YSocial Simulation Framework

• YSocial Framework is a digital twin simulation platform that uses agent-based models and LLMs to replicate realistic social media interactions.
• Its modular architecture—comprising a Platform Server, Simulation Client, and Stateless LLM Services—enables controlled simulation of user behavior, network formation, and content dissemination.
• The platform calibrates simulation results against real-world datasets, allowing researchers to evaluate digital norms, toxicity levels, and echo chamber dynamics through detailed analytical metrics.

The YSocial Framework is a digital twin simulation platform for online social media environments, centered on agent-based modeling powered by LLMs. It enables the generation, analysis, and operational validation of simulated social media activity, including interactions, network structures, content production, and the emergence of phenomena such as toxicity and echo chambers. By explicitly parameterizing agent personas, platform architectures, and interaction mechanisms, YSocial facilitates systematic experimentation, calibration against real-world datasets, and evaluation of digital norms and platform policies. Its design supports multidisciplinary research in computational social science, network analysis, NLP, and behavioral modeling.

1. Core Architecture and Simulation Components

The YSocial Framework constitutes a modular simulation environment, dividing responsibilities among three principal components:

• Platform Server: Maintains state for users, threads, posts, comments, and enforces platform rules like feed recommendation and visibility windows.
• Simulation Client: Orchestrates simulation rounds, agent instantiation, session management, population turnover (churn/new agent arrival), and schedules agent actions according to configurable activity distributions.
• Stateless LLM Services: Each agent’s behavioral output (posts, replies, reactions) is generated via concise micro-dialogues leveraging LLMs (e.g., Dolphin 3.0 based on Llama 3.1 8B) with norm-guided, context-aware prompts but without persistent agent memory across runs.

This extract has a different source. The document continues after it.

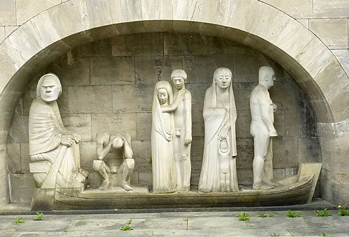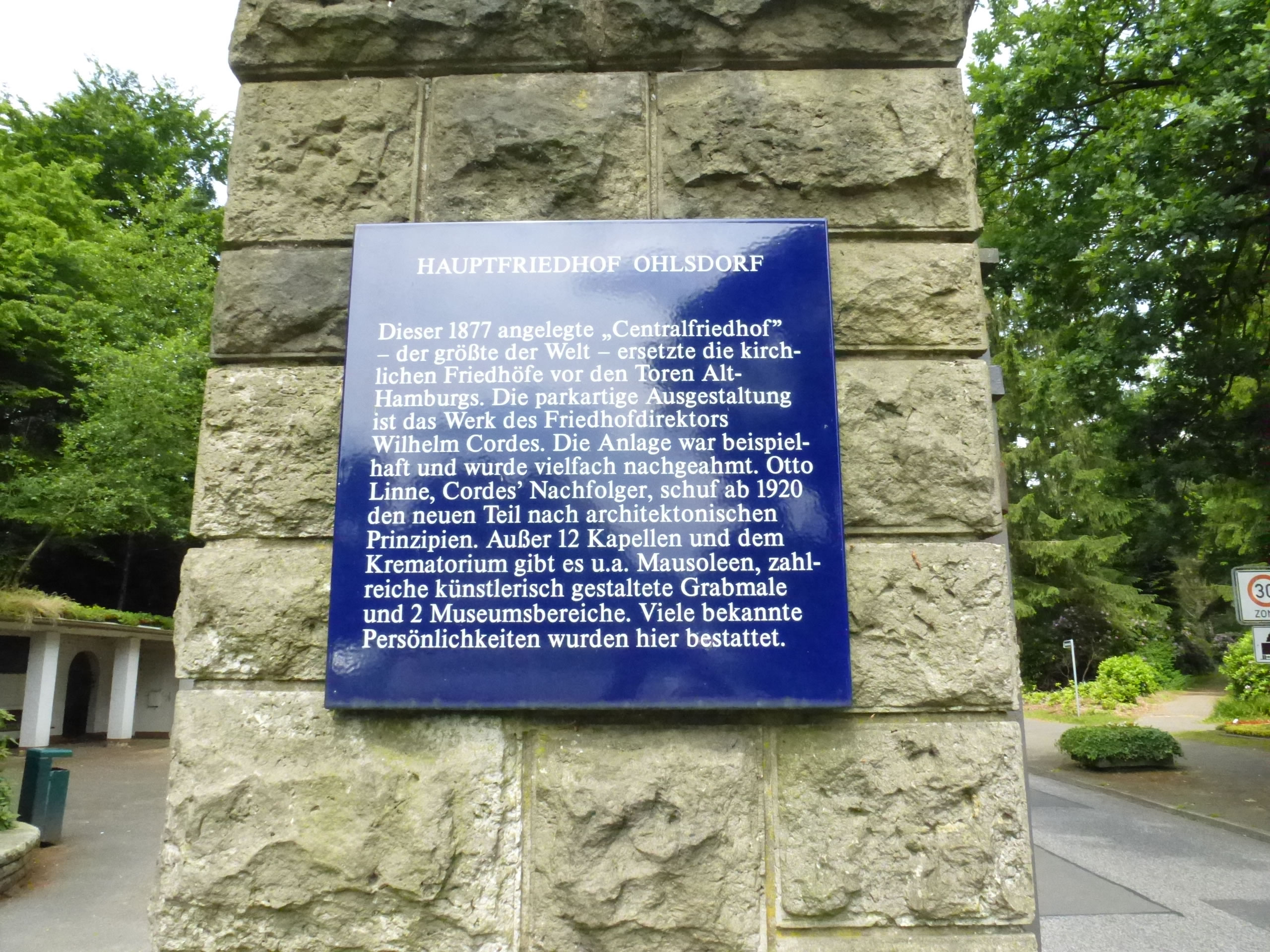 Ik harr mien Auto dorbi. Dree Fruunslüüd un een Mann, dat weer en ideale Gesellschap. Stück fohrn, Stück lopen, Stück fohrn, wedder Stück lopen, so weer dat kommodig. Dat grote Bombenopper-Mahnmal för de 40.000 Doden von de Gomorrha-Angriffe Juli un August 1943 weer de eerste Statschoon. En 5 Meter hogen Quader ut Sandsteen un binnen en Bild, ok in Sandsteen,

The platform mimics thread-and-feed social media environments (Twitter/Voat/Mastodon/BlueSky) by implementing core primitives: posting, commenting, replying, reading/sharing news, liking/disliking, following/unfollowing, link submission, and feed traversal. Content seeding (e.g., Voat’s catalog of technology-related URLs) and recommendation algorithms (ReverseChrono, popularity, follower-based, link prediction features) define the algorithmic backbone for information dissemination.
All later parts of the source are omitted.